Abe’s center-right coalition retained its two-thirds supermajority in Japan’s lower house of parliament, and his Liberal Democratic Party won an absolute majority on its own, allowing it to control the legislative agenda. Although Abe’s ratings sank to a record low earlier this year, his opposition proved to be as fragmented as ever. Rising star Yuriko Koike, Tokyo’s governor, kept her distance from this race, and the new Constitutional Democratic Party, rather than her newly minted Party of Hope, will now be the largest in opposition. Lawmakers will reinstall Abe as Prime Minister in time for Donald Trump’s visit to Japan on Nov. 5. If he goes on to win a third term as his party’s president next September, he will become Japan’s longest-serving leader since the 1880s.
Abe now has time to play the long game. He wants very much to amend Article Nine of Japan’s constitution–which repudiates war as a mean to resolve global disputes–to affirm once and for all Japan’s right to maintain a military. Yet this remains a controversial question for Japanese voters, including both ideological pacifists and those who prefer their leader to focus on revitalizing the economy rather than entangling it in foreign conflicts. Abe will likely wait until his third term is secure before making any bold move.
But this parliamentary victory leaves him in a stronger position to play a more assertive role in East Asia, particularly in counterbalancing China. Trump’s foreign policy ambivalence only makes this more important. Abe will also try to persuade the U.S. President during his visit to sell Japan cruise missiles as a deterrent against North Korea.
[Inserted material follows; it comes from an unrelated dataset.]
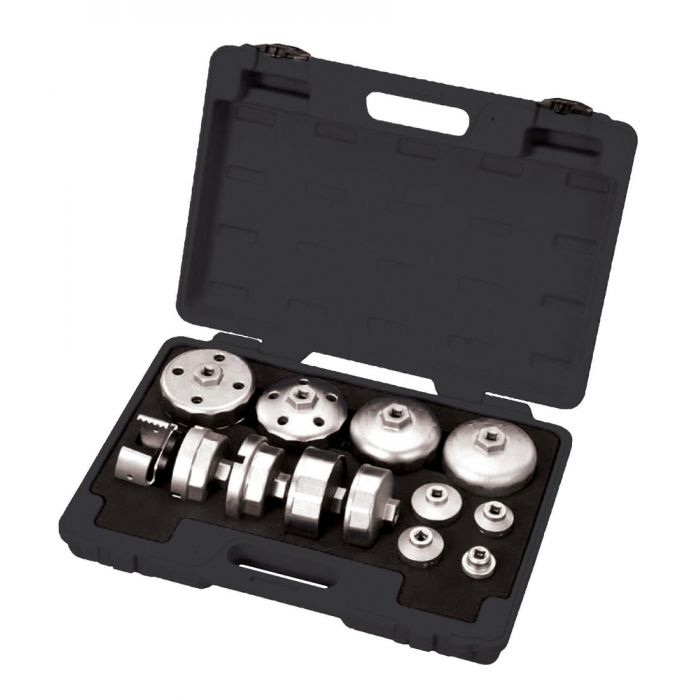 Oljefilterverktyg, 13 delar. Oljefilterkoppar av gjuten aluminium. Passar bl a VAG, Ford, MB, Porsche, Hyundai, KIA, Lexus, Toyota & Mazda. Storlekar från 24 - 100 mm, varav en är ställbar från 63 – 83 mm. Fattning: 3/8”.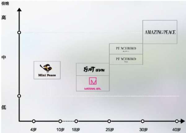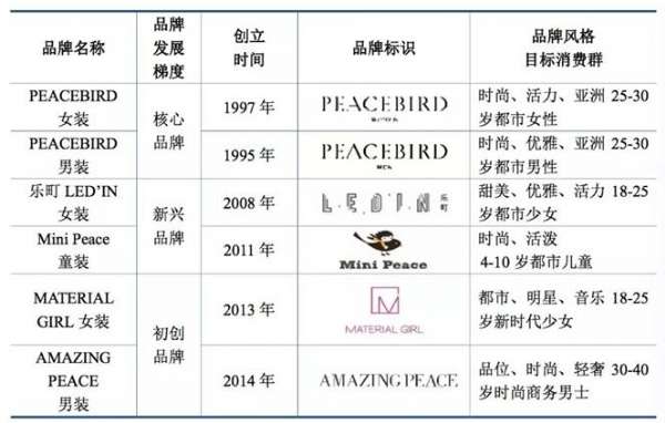 目前,太平鸟的品牌集群中共有6个品牌,以品牌发展阶段分为三种类型的品牌,分别是:核心品牌PEACEBIRD男装、PEACEBIRD 女装 ;新兴品牌乐町LED’IN、Mini Peace;初创品牌Material Girl 女装、Amazing Peace男装。

On trade, Abe can be firm with Trump. In particular, he can resist pressure to commit to bilateral trade talks because he now has more confidence that he’ll be around long enough to persuade a future U.S. President to return to the Trans-Pacific Partnership, a multicountry deal that Trump has rejected and Abe still wants. Even if that fails, Abe would prefer TPP without the U.S. to a new bilateral agreement.
Another point on the long game: Abe hopes that Japan’s shrinking labor market will raise wages for workers, triggering the reflation of prices that Japan needs for stronger growth. More lending with more state spending, and Japan’s economy might be revving nicely in time for the 2020 Tokyo Olympic Games. If it works, that’s a legacy any elected leader would envy.